▸ EXERCISE AIM
Give a verbatim copy of the lines below, minus the pictures.

▸ PROVIDED DATA
--------------------------------

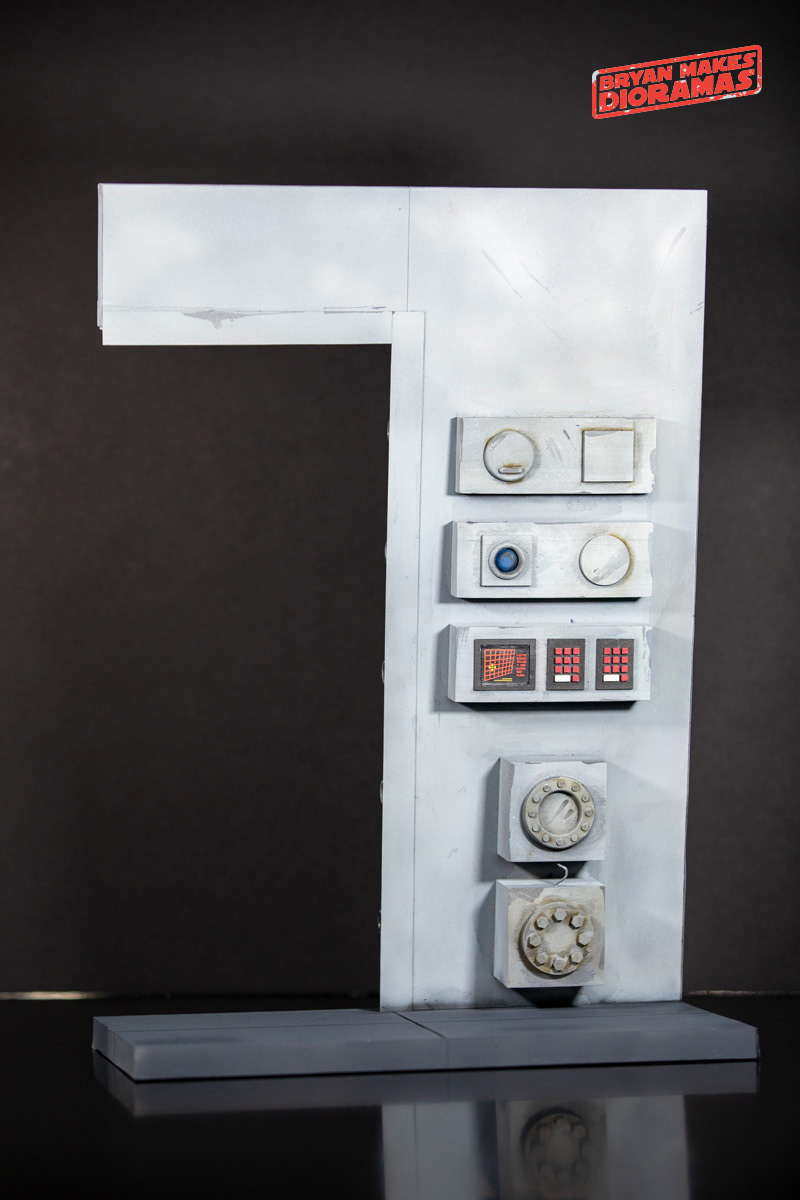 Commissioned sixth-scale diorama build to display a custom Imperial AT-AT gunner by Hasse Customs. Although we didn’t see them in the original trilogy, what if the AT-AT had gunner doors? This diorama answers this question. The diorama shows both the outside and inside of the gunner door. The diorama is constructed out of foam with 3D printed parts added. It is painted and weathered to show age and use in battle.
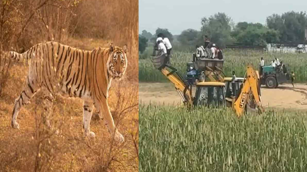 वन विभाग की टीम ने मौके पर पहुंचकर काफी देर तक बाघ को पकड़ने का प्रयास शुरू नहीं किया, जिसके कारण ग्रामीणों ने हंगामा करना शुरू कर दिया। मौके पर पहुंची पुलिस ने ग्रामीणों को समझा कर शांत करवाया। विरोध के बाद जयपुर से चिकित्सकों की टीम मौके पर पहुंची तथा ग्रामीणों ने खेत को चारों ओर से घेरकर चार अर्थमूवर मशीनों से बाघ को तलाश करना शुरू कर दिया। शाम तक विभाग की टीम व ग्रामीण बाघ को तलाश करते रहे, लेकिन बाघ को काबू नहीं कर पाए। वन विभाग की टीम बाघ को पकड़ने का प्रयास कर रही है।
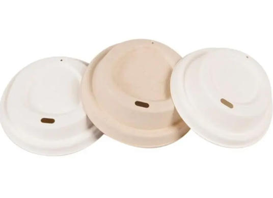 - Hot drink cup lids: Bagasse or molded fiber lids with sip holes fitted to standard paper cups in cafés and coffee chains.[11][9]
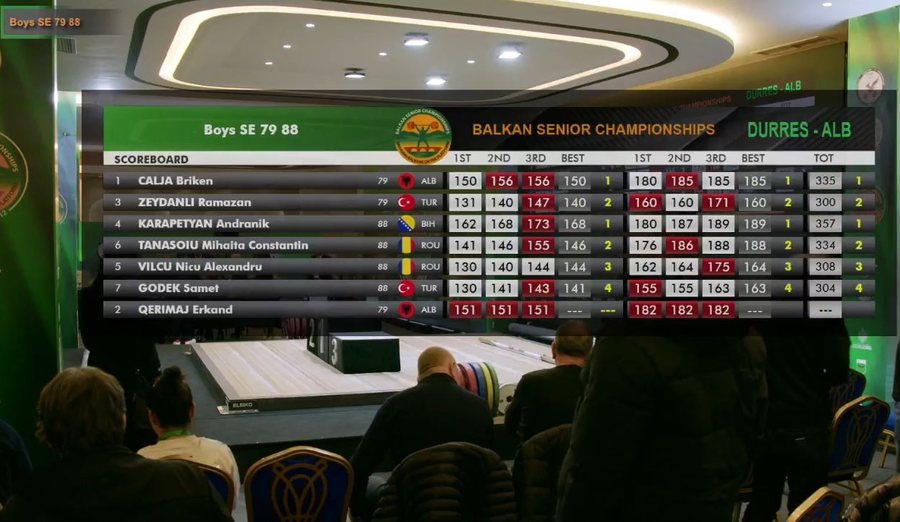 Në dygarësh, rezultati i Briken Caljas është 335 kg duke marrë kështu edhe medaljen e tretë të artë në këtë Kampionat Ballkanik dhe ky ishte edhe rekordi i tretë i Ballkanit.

--------------------------------

▸ YOUR RESPONSE
 Commissioned sixth-scale diorama build to display a custom Imperial AT-AT gunner by Hasse Customs. Although we didn’t see them in the original trilogy, what if the AT-AT had gunner doors? This diorama answers this question. The diorama shows both the outside and inside of the gunner door. The diorama is constructed out of foam with 3D printed parts added. It is painted and weathered to show age and use in battle.
 वन विभाग की टीम ने मौके पर पहुंचकर काफी देर तक बाघ को पकड़ने का प्रयास शुरू नहीं किया, जिसके कारण ग्रामीणों ने हंगामा करना शुरू कर दिया। मौके पर पहुंची पुलिस ने ग्रामीणों को समझा कर शांत करवाया। विरोध के बाद जयपुर से चिकित्सकों की टीम मौके पर पहुंची तथा ग्रामीणों ने खेत को चारों ओर से घेरकर चार अर्थमूवर मशीनों से बाघ को तलाश करना शुरू कर दिया। शाम तक विभाग की टीम व ग्रामीण बाघ को तलाश करते रहे, लेकिन बाघ को काबू नहीं कर पाए। वन विभाग की टीम बाघ को पकड़ने का प्रयास कर रही है।
 - Hot drink cup lids: Bagasse or molded fiber lids with sip holes fitted to standard paper cups in cafés and coffee chains.[11][9]
 Në dygarësh, rezultati i Briken Caljas është 335 kg duke marrë kështu edhe medaljen e tretë të artë në këtë Kampionat Ballkanik dhe ky ishte edhe rekordi i tretë i Ballkanit.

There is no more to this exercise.